Yukon is one of only four cities on that list without a curbside recycling program. The others are Piedmont, Ardmore and Moore.
Four cities smaller than Yukon have curbside recycling programs – Tuttle, Choctaw, El Reno and Mustang.
Yukon handles about 8,500 households’ waste and has its own trucks and staff to handle their waste and disposal.
Yukon shares space with several other cities at the Oklahoma Environmental Management Authority (OEMA) landfill on Highway 81 near Union City.
Mayor McEachern agreed strongly with recycling advocates about the benefits of reducing waste at the landfill.
Yukon now offers residents a drop-off recycling program at 5th and Ash where people can leave glass, tin, aluminum, paper, cardboard, and plastics for recycling.
Mayor McEachern said having this site open daily has been a “big step forward” and there are “a lot of people participating”.
The more people recycle, the mayor noted, the less waste ends up at the landfill.
“I’m a fan, on a personal level,” McEachern said. “It benefits all of us to recycle.
“Curbside recycling is something that I think we need to get into. I’m for it because a majority of the communities around us are already doing curbside.”
In her presentation this week to the city council, Davis referred to a 2016 study showing U.S. residents with a curbside cart recycle an average of 357 pounds of recyclables per year.
“If you took that average to Yukon, that equals more than 3 million pounds or 1.5 million tons of trash that would not be placed in our landfill,” she told council members.
Davis listed the main benefits of curbside recycling in Yukon:
• Businesses and the school district would alleviate a large amount of waste. (Bounds, a longtime Yukon teacher, leads an active volunteer recycling program at Parkland Elementary)
• Recycling would extend the overall capacity of current landfill space for years.
• Yukon would receive compensation for recycling aluminum, tin, newspaper, and cardboard.
Davis told council members she believes Yukon could eliminate the current drop-off recycle facility at 5th and Ash. She predicts the convenience of a curbside service would encourage many more residents to recycle.
Davis also believes a Yukon curbside recycling program could be partially funded through grants. She cited one grant program from The Recycling Partnership of Falls Church, Va. that provides curbside bins to cities starting a program to offset some of the costs.
To gauge interest, Davis, Birkhead and Bounds propose including in all city utility bills a one-page paper survey to complete; along with an online option.
“There may not be funding in the budget to launch a curbside recycling program in the next year, but our goal is to start the conversation and possibly get on the agenda to discuss the options,” Davis said.
“We know that building this program takes time. So maybe once the program is complete, the funding will be available.”
Until there is enough interest, Davis acknowledged that funding the equipment and personnel specifically for curbside recycling may not be feasible.
“Maybe we don’t buy trucks and hire staff until we know what our interest is like,” she said.
“Maybe we just have an opt-in service and contract it out. All these other cities are contracting it out.

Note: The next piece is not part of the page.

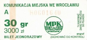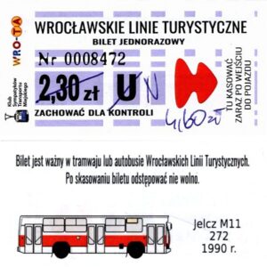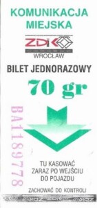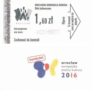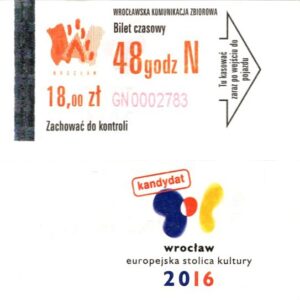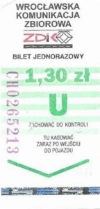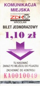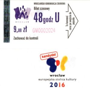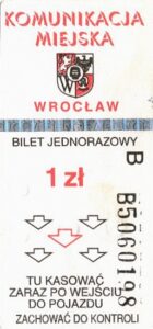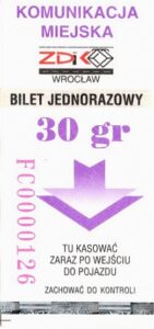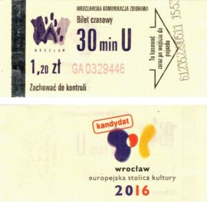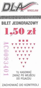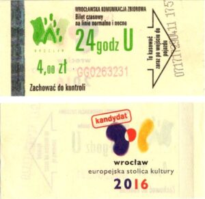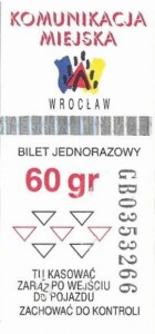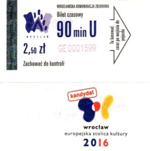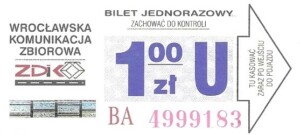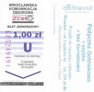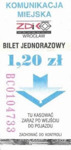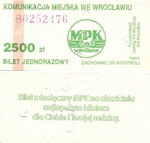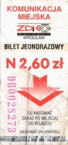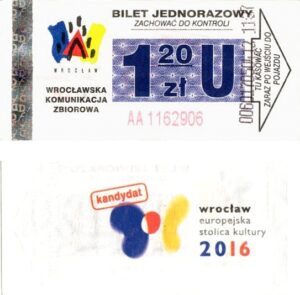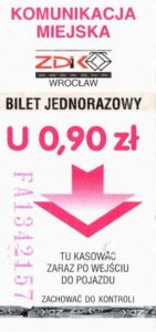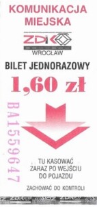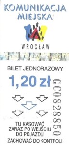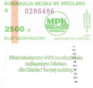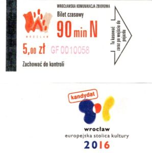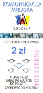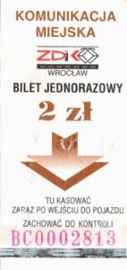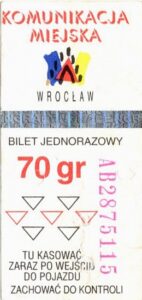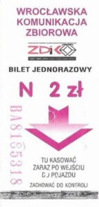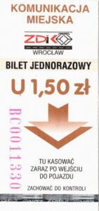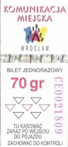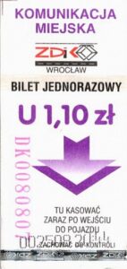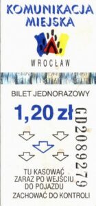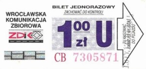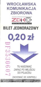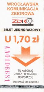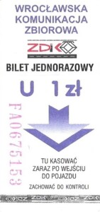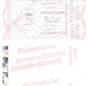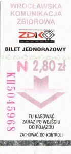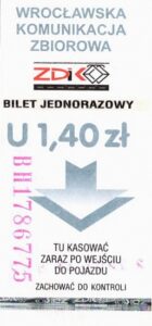 - Wrocławska Komunikacja Zbiorowa, logotyp miasta, cena na tle, hologram z logotypami ZDiK Wrocław oraz logiem miasta:
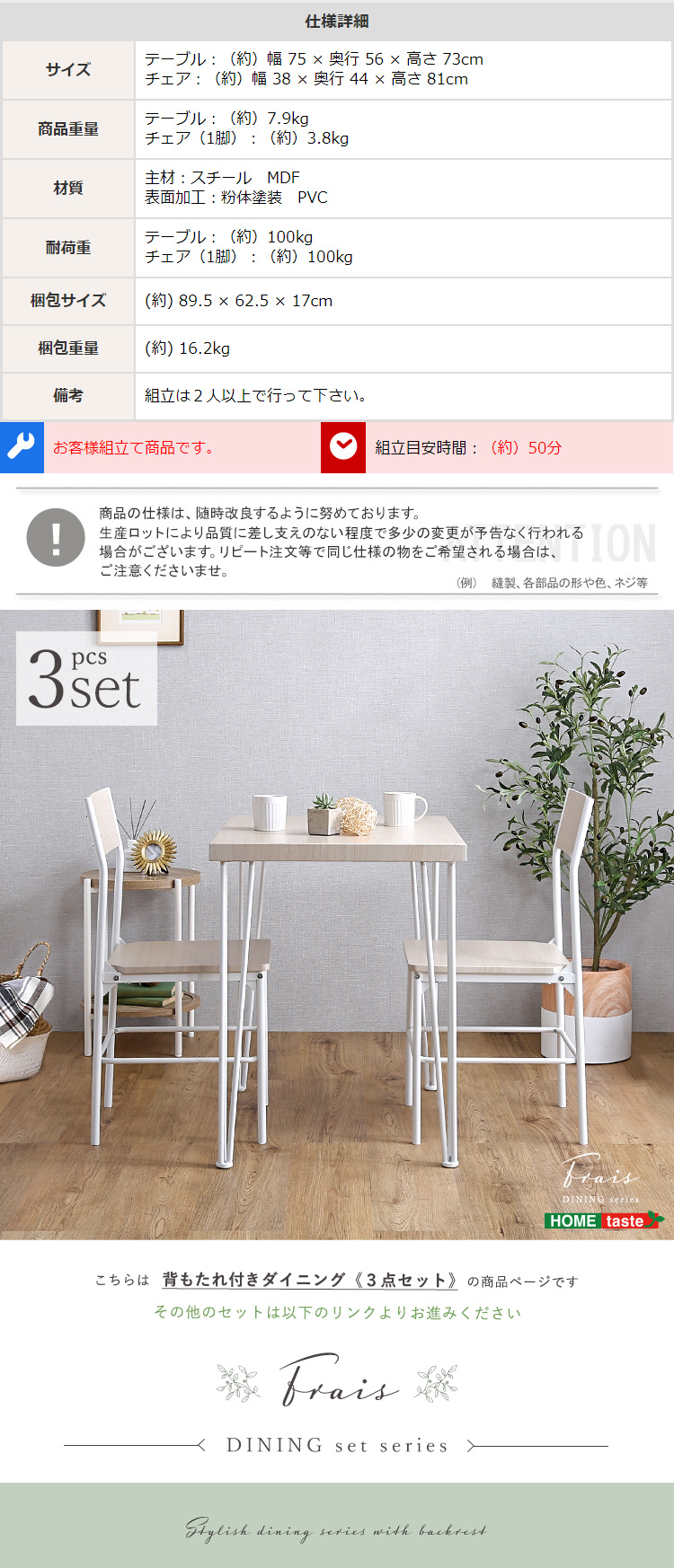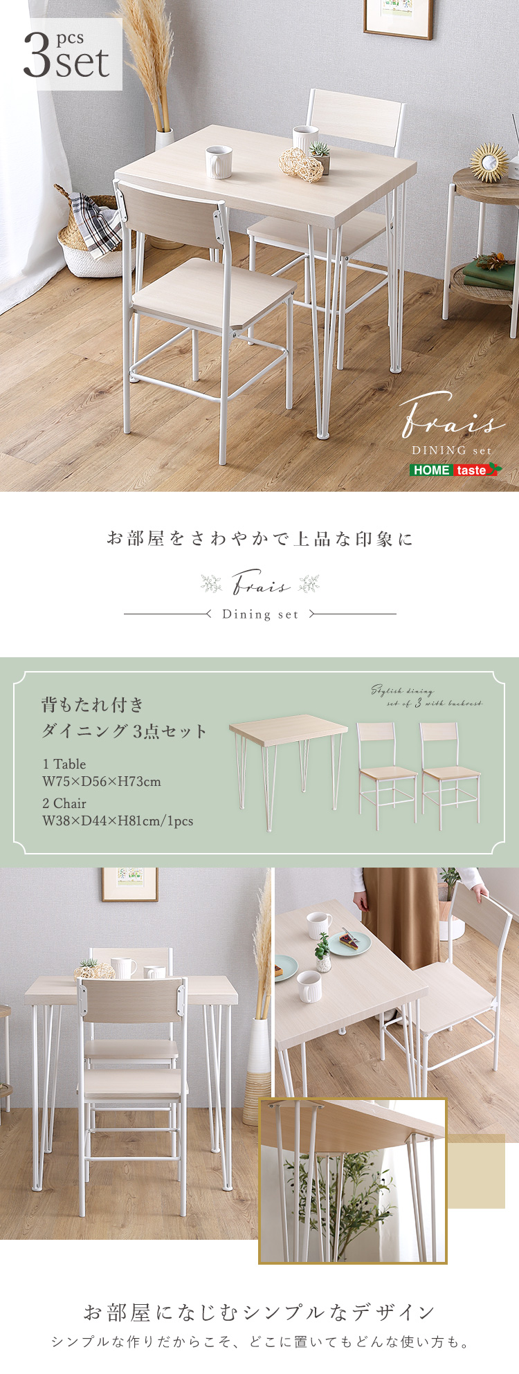 >>【Frais】背もたれ付きダイニング3点セットはこちら

“I do not think that adding a mandatory cost to people’s (utility) bill and giving them a bin is the answer either. That would be a mistake. And that would be unfair to ask a lot of elderly and low-income residents to add an extra cost at this point. Maybe phase one is ‘opt-in’.”
Yukon’s mayor looks forward to seeing results of the citizen survey and a feasibility study to determine options on ways to pay for a curbside recycling service.
“If everyone feels strongly about it, then we’d certainly be interested in looking at this as a budgeted item,” McEachern said. “Ultimately, we’d have to pay for it somehow.”